* [Records shown]:
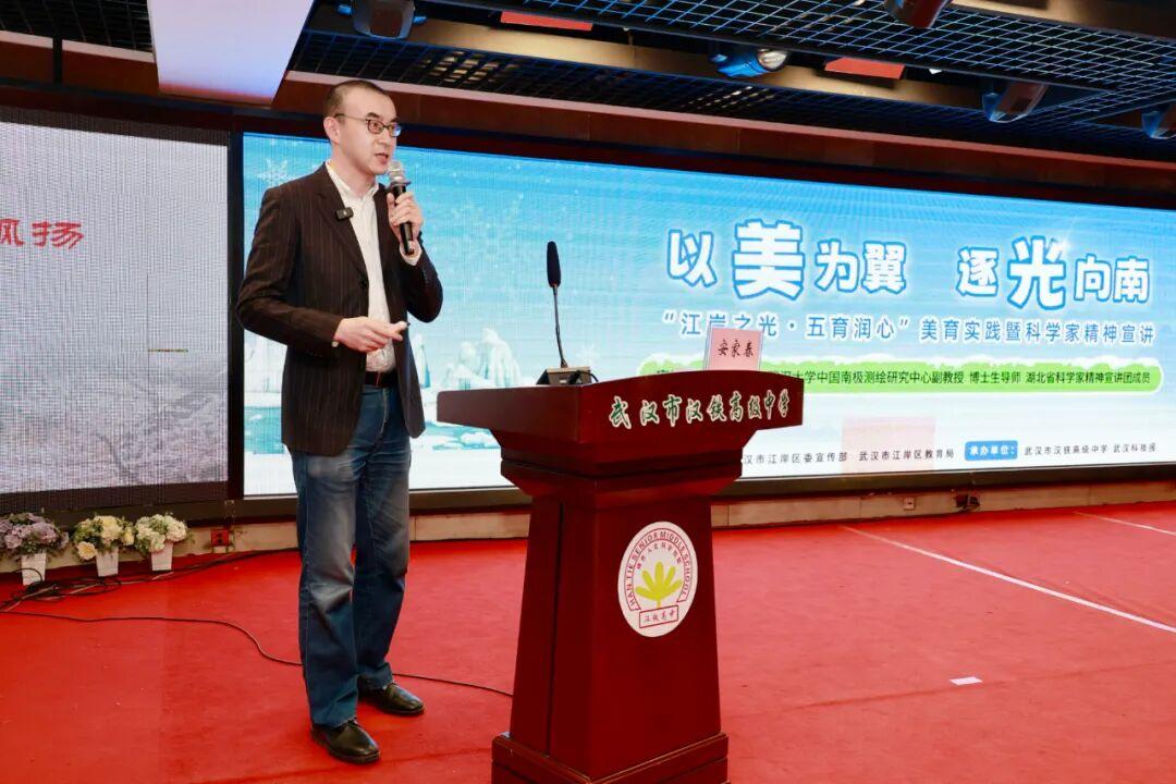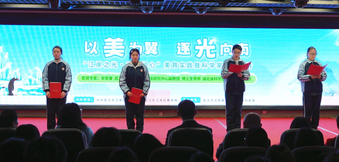 极光为幕,冰雪为纸。当画笔勾勒出南极的中国红,当VR镜头穿透万里冰封,美育,便成了一场看得见的信仰之旅。近日,“江岸之光·五育润心”美育校园文化实践活动在武汉市汉铁高级中学举行,活动将科学家精神主题宣讲与书信表达、艺术创作相结合,200余名师生在校园文化活动的沉浸体验中感悟家国情怀。
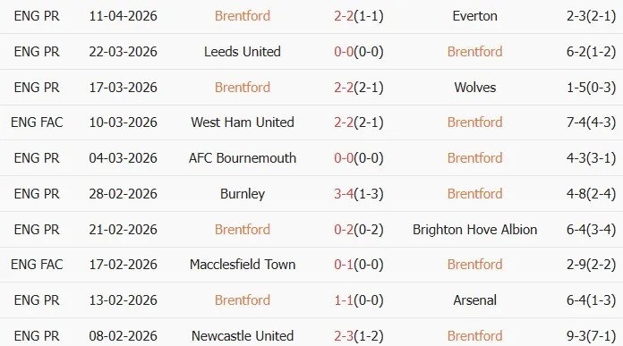 Thống kê phong độ 10 trận đấu gần nhất của Brentford
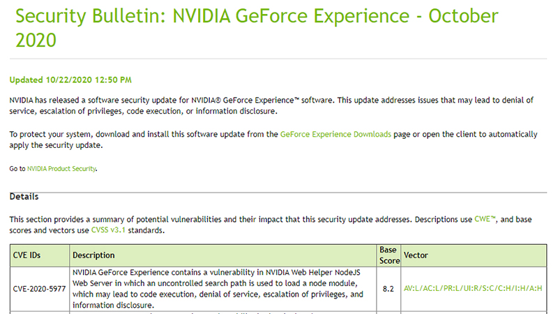 NVIDIA、ShadowPlay関連など3件の脆弱性を修正したGeForce Experience用アップデート
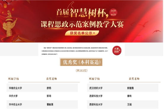首届“智慧树”杯课程思政示范案例教学大赛旨在深入贯彻习近平总书记关于教育的重要论述和全国教育大会精神,贯彻落实教育部《高等公司课程思政建设指导纲要》,挖掘、展示在线课程及混合式课程的课程思政教学设计及建设成果,共吸引了来自全国354所高校1000余位老师的参赛。大赛由东西部高校课程共享联盟运营服务单位智慧树主办,从2021年3月28日开始,经过初赛和复赛,经组委会及专家评审,最终评选出260个获奖案例。
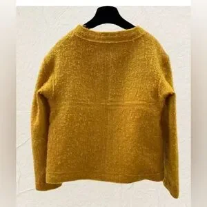 Beautiful and chic Chanel vintage bouclé knit crewneck in a warm mustard tone. Easy to layer and pairs well with denim or tailored pieces.
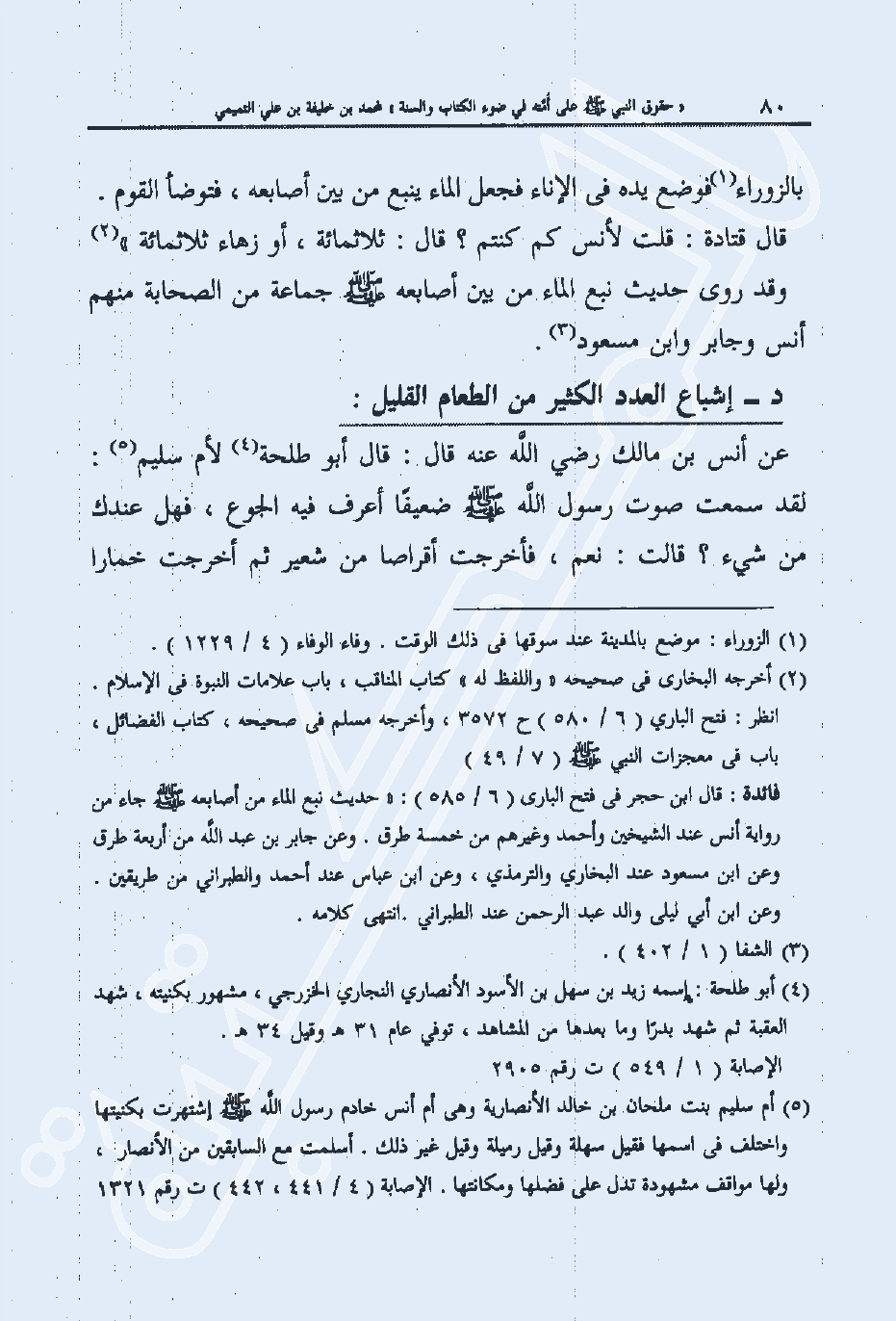 بالزوراء1 فوضع يده في الإناء فجعل الماء ينبع من بين أصابعه، فتوضأ القوم. قال قتادة: قلت لأنس كم كنتم؟، قال: ثلائمائة، أو زهاء ثلاثمائة"2 وقد روى حديث نبع الماء من بين أصابعه صلى الله عليه وسلم جماعة من الصحابة منهم أنس وجابر وابن مسعود3.
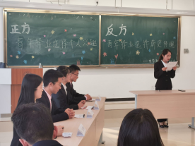 本场辩论赛的辩题以青年择业为主题,正方以"选择个人兴趣"为观点,反方以“选择薪资待遇”为观点。主席简单介绍评委嘉宾和两方辩手后,比赛即开始了。双方的开篇陈词都十分犀利,评委嘉宾都被他们的气势和精彩言论所吸引。双方的二、三辩也将攻辩阶段打得十分有激情,他们抛给对方双关性比较强的难题,回答对方的问题也是临危不惧,看来准备都十分充足,应变能力也十分了得。而最激情四射的还是自由辩论环节莫属了,两方辩手据理力辩、你推我挡,既激情盎然又从容不迫,而台下观众们也听得热血沸腾,恨不得上台同辩手们争个雌雄。特别是两方二辩,他们声音洪亮,思维慎密,逻辑能力很强,那些听似刁钻的问题对于她们来说简直是易如反掌。观众们还未尽兴,自由辩论环节就结束了。双方四辩的总结陈词不仅指出对方在比赛过程中暴露的问题,还分点论述更加强了自方的观点。比赛结束后,评委代表们细评了各方的优点和不足,肯定了辩论过程中一些精彩之处,也惋惜在自由辩论阶段中一些暴露出来却没有被提出的论点,整场比赛都被评委们剖析的精细而准确。通过评委团的讨论,反方荣获总冠军,双方最佳辩手分别是反方二辩和正方二辩,并有评委给他们颁奖。
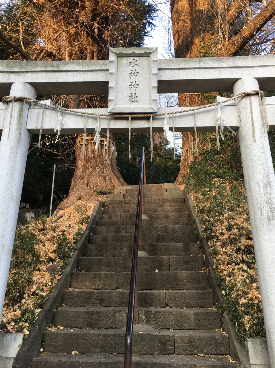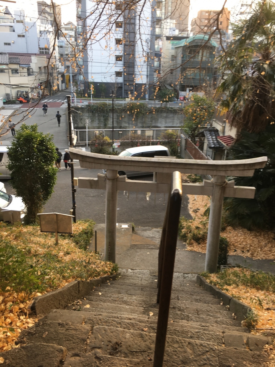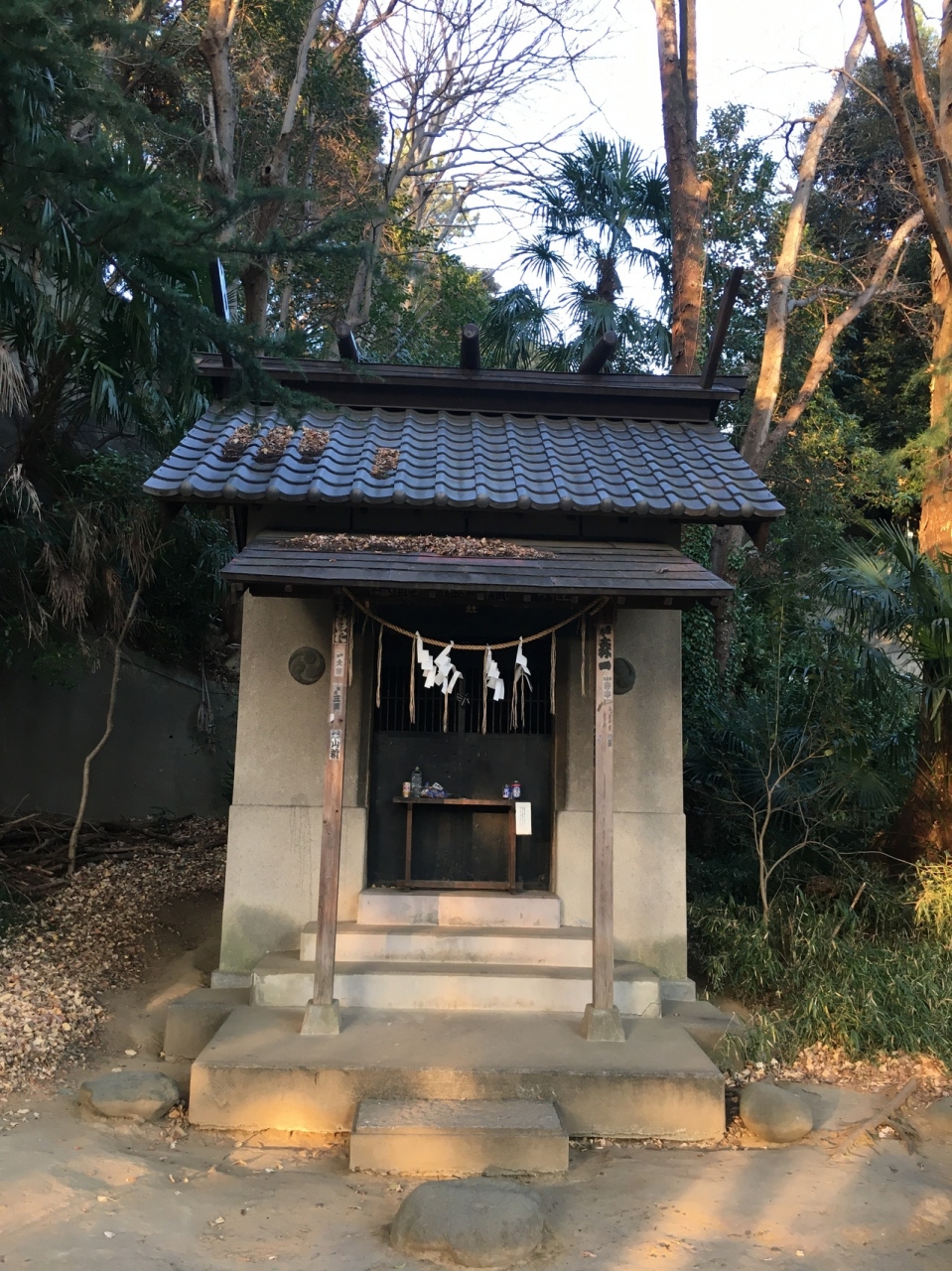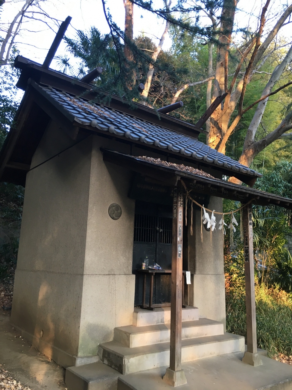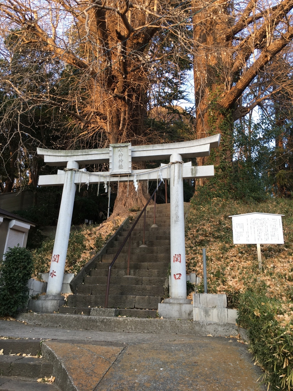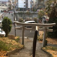 江戸川公園遊歩道沿いにあり鳥居の後ろの急な階段を上がると左右に高い木があり、超えると境内です。境内と言っても殺風景で、少し大きめの祠があるのみでした。横には胸突坂があり急勾配でした。坂からも出入りが出来ます。
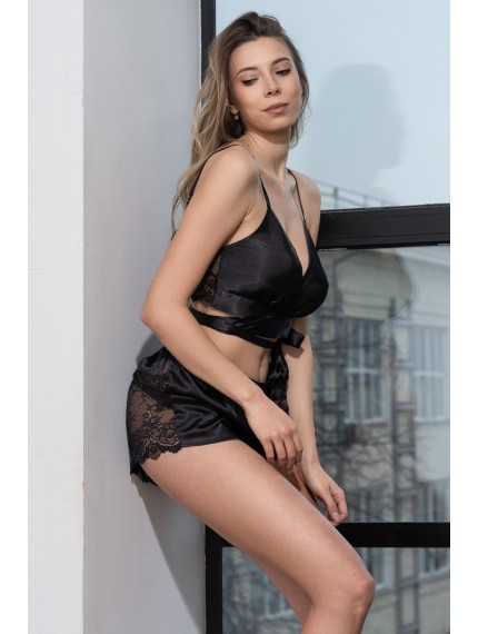 Сексуальный комплект Mia-Amore состоящий из запашного бралетта на тонких бретелях и шорт. Комплект выполнен из искусственного шелка с блеском и кружевными вставками.

* [What to produce]:
Take the line containing "NVIDIA、ShadowP" as the first line and the last line of the data above as the final one, and output exactly the lines between them, inclusive, with no pictures.

* [Answer for this exercise]:
 NVIDIA、ShadowPlay関連など3件の脆弱性を修正したGeForce Experience用アップデート
首届“智慧树”杯课程思政示范案例教学大赛旨在深入贯彻习近平总书记关于教育的重要论述和全国教育大会精神,贯彻落实教育部《高等公司课程思政建设指导纲要》,挖掘、展示在线课程及混合式课程的课程思政教学设计及建设成果,共吸引了来自全国354所高校1000余位老师的参赛。大赛由东西部高校课程共享联盟运营服务单位智慧树主办,从2021年3月28日开始,经过初赛和复赛,经组委会及专家评审,最终评选出260个获奖案例。
 Beautiful and chic Chanel vintage bouclé knit crewneck in a warm mustard tone. Easy to layer and pairs well with denim or tailored pieces.
 بالزوراء1 فوضع يده في الإناء فجعل الماء ينبع من بين أصابعه، فتوضأ القوم. قال قتادة: قلت لأنس كم كنتم؟، قال: ثلائمائة، أو زهاء ثلاثمائة"2 وقد روى حديث نبع الماء من بين أصابعه صلى الله عليه وسلم جماعة من الصحابة منهم أنس وجابر وابن مسعود3.
 本场辩论赛的辩题以青年择业为主题,正方以"选择个人兴趣"为观点,反方以“选择薪资待遇”为观点。主席简单介绍评委嘉宾和两方辩手后,比赛即开始了。双方的开篇陈词都十分犀利,评委嘉宾都被他们的气势和精彩言论所吸引。双方的二、三辩也将攻辩阶段打得十分有激情,他们抛给对方双关性比较强的难题,回答对方的问题也是临危不惧,看来准备都十分充足,应变能力也十分了得。而最激情四射的还是自由辩论环节莫属了,两方辩手据理力辩、你推我挡,既激情盎然又从容不迫,而台下观众们也听得热血沸腾,恨不得上台同辩手们争个雌雄。特别是两方二辩,他们声音洪亮,思维慎密,逻辑能力很强,那些听似刁钻的问题对于她们来说简直是易如反掌。观众们还未尽兴,自由辩论环节就结束了。双方四辩的总结陈词不仅指出对方在比赛过程中暴露的问题,还分点论述更加强了自方的观点。比赛结束后,评委代表们细评了各方的优点和不足,肯定了辩论过程中一些精彩之处,也惋惜在自由辩论阶段中一些暴露出来却没有被提出的论点,整场比赛都被评委们剖析的精细而准确。通过评委团的讨论,反方荣获总冠军,双方最佳辩手分别是反方二辩和正方二辩,并有评委给他们颁奖。
 江戸川公園遊歩道沿いにあり鳥居の後ろの急な階段を上がると左右に高い木があり、超えると境内です。境内と言っても殺風景で、少し大きめの祠があるのみでした。横には胸突坂があり急勾配でした。坂からも出入りが出来ます。
 Сексуальный комплект Mia-Amore состоящий из запашного бралетта на тонких бретелях и шорт. Комплект выполнен из искусственного шелка с блеском и кружевными вставками.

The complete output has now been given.